Managing delegated mailboxes via API

A delegated mailbox is a mailbox that can be accessed by other employees. This can be useful when employees need to respond to customers in place of their colleague who went on vacation or in other similar situations.

You can only delegate mailboxes that have their owners' accounts created on the organization's domain.

Delegation process

Step 1. Prepare to work with the API

To work with the API, you'll need an OAuth token, which you can get after creating an application in the Yandex OAuth service.
- If you don't have an OAuth application yet, follow the instructions on the Access to API page to create one and obtain a token. When creating an application, select the permissions ya360_admin:mail_read_shared_mailbox_inventory and ya360_admin:mail_write_shared_mailbox_inventory.
- If you already have an OAuth application for working with the Yandex 360 for Business API, add permissions to view and edit mailbox access settings to it and then get a new OAuth token following these instructions.
Gather data needed for API requests.
1. Find the organization ID: open the company account and select General settings → Company profile.
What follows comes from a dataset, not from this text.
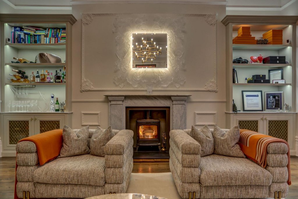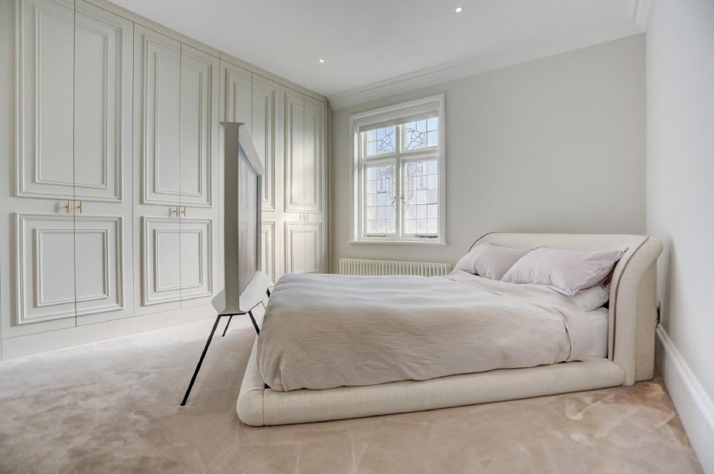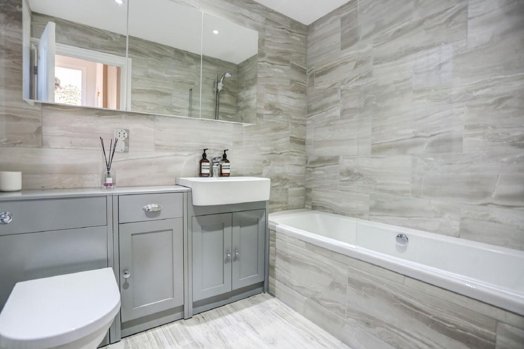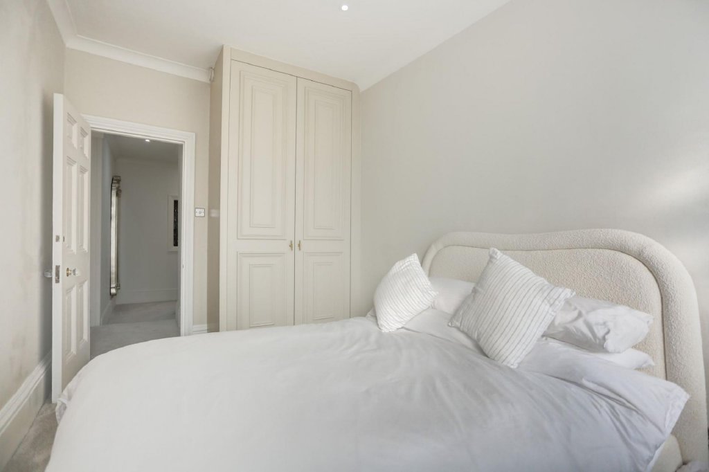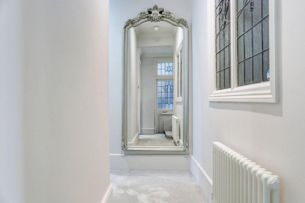 Towards the rear of the apartment, a stylish and modern family bathroom features sleek grey tiling and ample storage. There are two well-proportioned bedrooms, with the primary bedroom benefiting from a chic en-suite shower room and spacious built-in wardrobes that seamlessly complement the property’s refined period style. Decorative leaded windows are a recurring feature throughout this exceptional home, serving as a subtle yet constant reminder of its remarkable heritage and splendour.

You can see the ID below the organization name.
2. Find the ID of the employee who needs access. To do this:
  1. Select Users → Employees.
  2. Find the line with the employee you need and click their name.
  3. Right-click the employee's username and copy the link address.
  4. Insert the address into any text editor. The ID is the part of the address after uid=. For example, in the address
```
https://staff.yandex.ru/bb?org_id=5487632&uid=2260000054273165
```
    the ID is 2260000054273165.
    
    Is it possible to find employee IDs using the API?
    Sure. There's a request that returns the list of IDs. View documentation

Step 2. Enable mailbox delegation

Note

There's a limit on the number of delegated mailboxes in the organization. For more information about the existing limitations, see the Limits section on the "Shared access" page.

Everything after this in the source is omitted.